Slicing strategy and process of laser direct metal deposition (DMD) of the inclined thin-walled part under open-loop control

The purpose of this paper is to improve the dimensional accuracy of inclined thin-walled parts fabricated by laser direct metal deposition (DMD) under an open-loop control system.

In this study, a novel method of the adaptive slicing method and DMD process with feedback adjustment of deposition height has been developed to successively fabricate complex inclined thin-walled square tube elbow parts. The defocus amount was used as a variable to the matching between the deposition thickness and the adaptive slicing height.

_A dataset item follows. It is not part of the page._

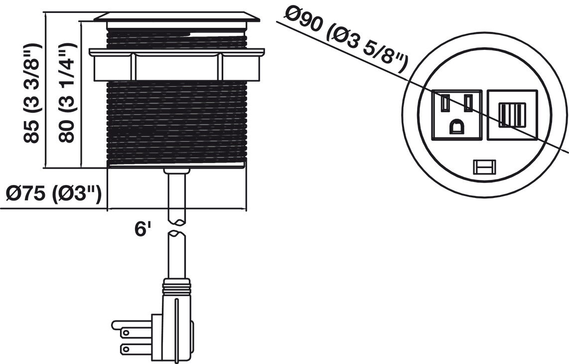 - Version : 1 AC grounded outlet 125V 15A max rating1 USB-A port @ 10.5 watts1 USB-C port @ 12 wattsWithout lid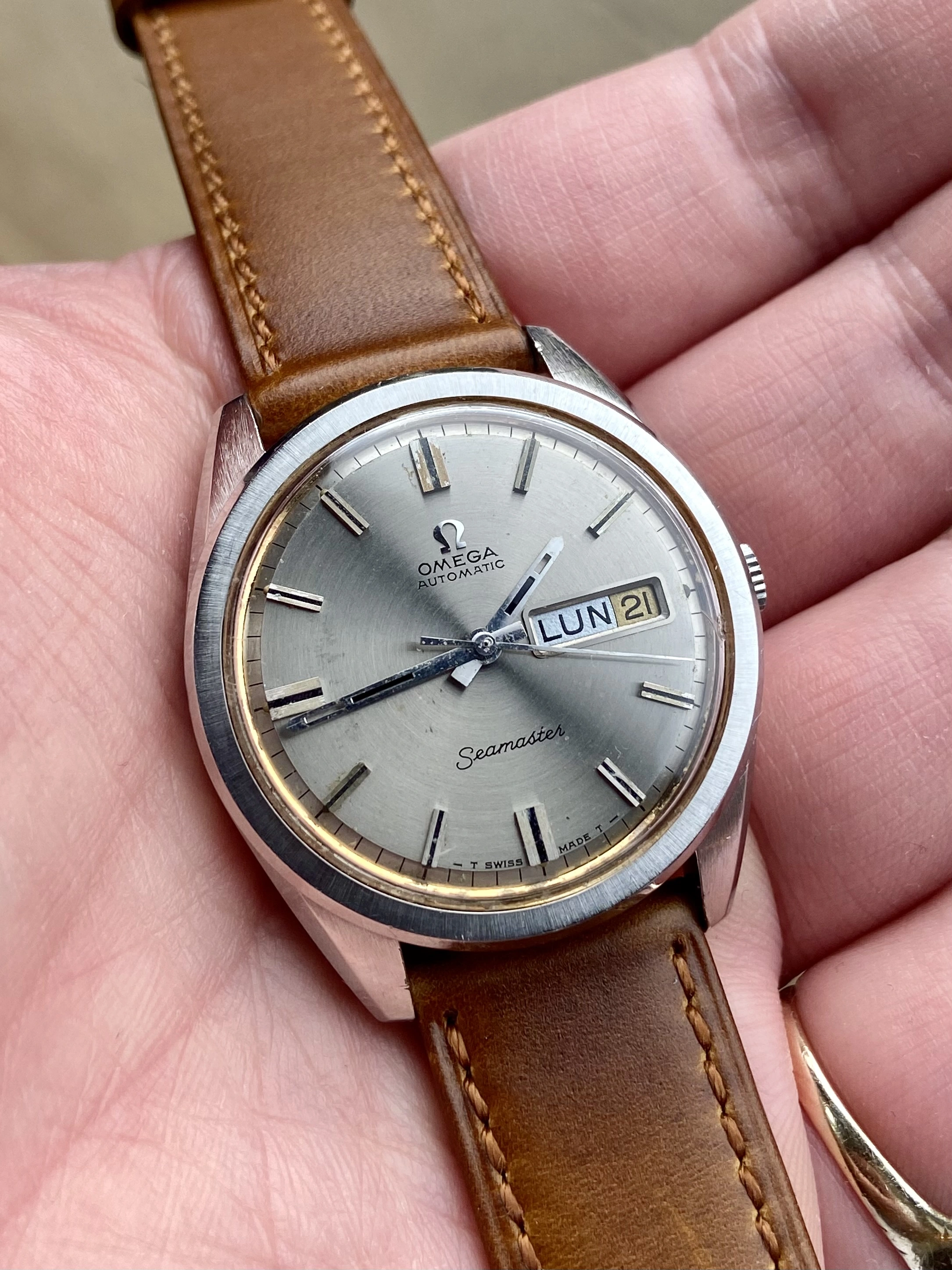 Offering for sale a vintage Omega Seamaster day date, ref 166.032. This watch has a couple of issues but is largely original and is a great opportunity to buy this reference at less than half the usual price.

The low relative error of dimensional accuracy between experimental and designed parts shows that the matching of the single-layer deposition thickness and the adaptive slicing height can be realized by optimizing the defocusing amount. The negative feedback of the thin-wall part height can be achieved when the defocus amount and the z-axis increment are less than deposition thickness. The improvement of dimensional accuracy of inclined thin-walled parts is also attributed to the optimized scanning strategy.

The slicing method and deposition process can provide technical guidance for other additive manufacturing (AM) systems to fabricate metal thin-walled parts with high dimensional accuracy because the feedback control of deposition height can be realized only by the optimized process.

This study provides a novel adaptive slice method and corresponding the deposition process, and expands the slicing method of AM metal parts.